**Entries provided**

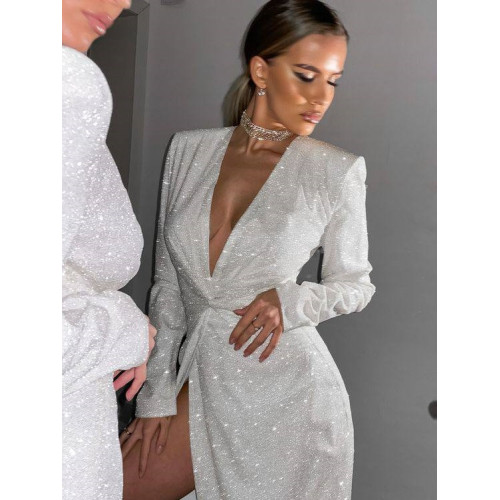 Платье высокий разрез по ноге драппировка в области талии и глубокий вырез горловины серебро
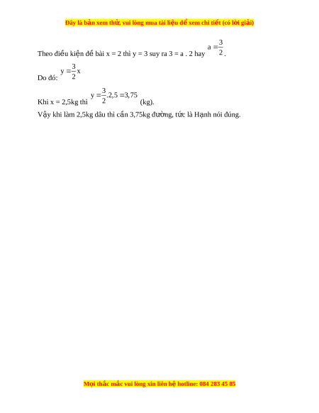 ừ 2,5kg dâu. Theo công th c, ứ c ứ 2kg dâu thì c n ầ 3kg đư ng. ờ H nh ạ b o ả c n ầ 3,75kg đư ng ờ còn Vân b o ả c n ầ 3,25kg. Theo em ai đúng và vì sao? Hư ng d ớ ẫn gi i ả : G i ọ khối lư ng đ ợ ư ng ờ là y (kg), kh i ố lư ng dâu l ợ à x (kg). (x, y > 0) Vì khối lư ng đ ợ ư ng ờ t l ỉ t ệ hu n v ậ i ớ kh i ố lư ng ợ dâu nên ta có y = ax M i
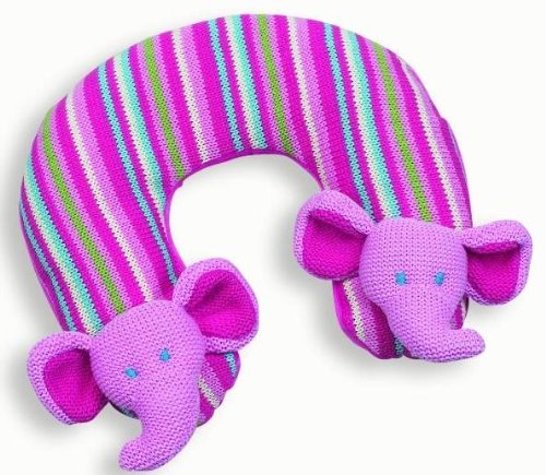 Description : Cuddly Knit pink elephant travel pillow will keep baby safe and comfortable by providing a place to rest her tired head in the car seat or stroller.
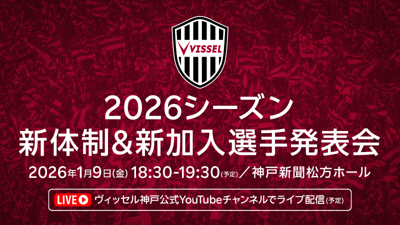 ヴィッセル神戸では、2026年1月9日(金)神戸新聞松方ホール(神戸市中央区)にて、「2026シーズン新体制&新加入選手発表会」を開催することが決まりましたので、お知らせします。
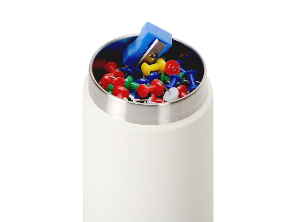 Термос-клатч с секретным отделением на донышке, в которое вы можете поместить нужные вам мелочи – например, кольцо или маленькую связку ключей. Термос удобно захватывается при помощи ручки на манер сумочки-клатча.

**Requirement**
Pictures are to be omitted from the copy, and only the lines from the one containing "ヴィッセル神戸では、2026" through the final line of the listing above are to be written out exactly.

**Exercise answer**
 ヴィッセル神戸では、2026年1月9日(金)神戸新聞松方ホール(神戸市中央区)にて、「2026シーズン新体制&新加入選手発表会」を開催することが決まりましたので、お知らせします。
 Термос-клатч с секретным отделением на донышке, в которое вы можете поместить нужные вам мелочи – например, кольцо или маленькую связку ключей. Термос удобно захватывается при помощи ручки на манер сумочки-клатча.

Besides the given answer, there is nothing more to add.